Инга раскусила одну семечку. Семечка была старая, но все еще не потерявшая вкус. Он тоже шел неспеша. Внутри черного пятна раздувался оранжевый пузырь сигареты. Инга сгрызла еще две семечки. Она подумала, что это самая вкусная вещь из всего, что она пробовала в жизни. Старые, завалявшиеся в карманах семечки. Он все приближался. Уже можно было рассмотреть черты лица, но ей не хотелось. Инга вглядывалась в мелко-мерцающую воду, ажурные перила моста, в здания на берегу – все такое щемяще-знакомое, как будто хотела как следует запомнить пейзаж своего родного города. Он подошел совсем близко и сунул руку в карман. Инга машинально развернулась, чтобы бежать. Все-таки, Владикавказ был чарующе-прекрасным вечером, и был прекрасен сам этот осенний вечер, и прекрасен был беззаботный вкус семечек во рту. Ей нравилось, что это последнее, что она видит и чувствует в своей жизни.
«Нет», – подумала она, – «не несчастный случай. Даже лучше – самоубийство».
Парень чуть задел ее плечом и прошел мимо. На мгновение она почувствовала самое настоящее разочарование. Но было уже поздно. Вся картина вдруг покосилась и перевернулась. Инга осознала, что она и он оказались по разные стороны перил. Краем глаза она заметила, как он оглянулся, его испуганное незнакомое лицо стало быстро приближаться к ней… И затем все затопила звенящая ночная свежесть.
2.
Народу на похороны собралось много. Затянутое серое небо короткими рывками сбрасывало на землю порции холодной мороси, ветер нещадно трепал одежду. Люди зябко кутались, ежились, кучкуясь небольшими группками, чавкали размытой землей и увлеченно переговаривались. Яна намеренно решила не сообщать многим, чтобы избежать паломничества универовских зевак, хотя новость и без нее за пару дней успела распространиться со скоростью света.

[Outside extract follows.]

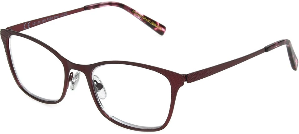 Jenn reading glasses are part of Foster Grant’s Modera collection. They feature a rich matte wine finish with delicate details on a metal frame.

Яна хмуро наблюдала за подтягивающимися все новыми и новыми притворно-кислыми физиономиями, теми же самыми, которые только недавно жадно шушукались и ржали у них за спинами. Ее буквально корежило от бешенства. В какой-то момент она заметила мелькающий то тут, то там в серых кучках огромный ярко-красный букет роз. Она напряглась. Кто-то ходил кругами и все никак не решался подойти.
Яна поняла, кто это и ринулась по направлению к букету, как бык к мулете.
-Что ты здесь делаешь, черт побери?!!! Как ты только посмел притащиться сюда, убийца?! Забирай свои сраные цветы и проваливай!
-Яна… Пожалуйста…
-Гнида! – она с остервенением схватила Марика за грудки, – Убери отсюда свою шакалью морду. Имей уважение хотя бы сейчас!
Он стоял под дождем без зонта, жалкий, потерянный и забито смотрел на нее униженным, молящим взглядом, как загнанное животное.
-Ты не слышишь меня, Марик?! Убирайся! Здесь тебе не место.
-Я тоже любил ее.
-Ты предал ее!!! Она доверяла тебе, как никому. У нее никого не было. А ты подставил ей подножку. Ты отвернулся от нее в такой момент! Думаешь, Габарай ее убил? Нет, это все ты! Она все смогла перенести, только не твое предательство!
Он зажмурился.
-Яна… Пощади.
-Решил облегчить свою совесть? Убирайся, ты не достоин здесь быть.
-Позволь мне только попрощаться с ней. Пожалуйста.
Она стояла перед ним прямая и неумолимая.
-Ты не подойдешь туда, Марик. Только через мой труп.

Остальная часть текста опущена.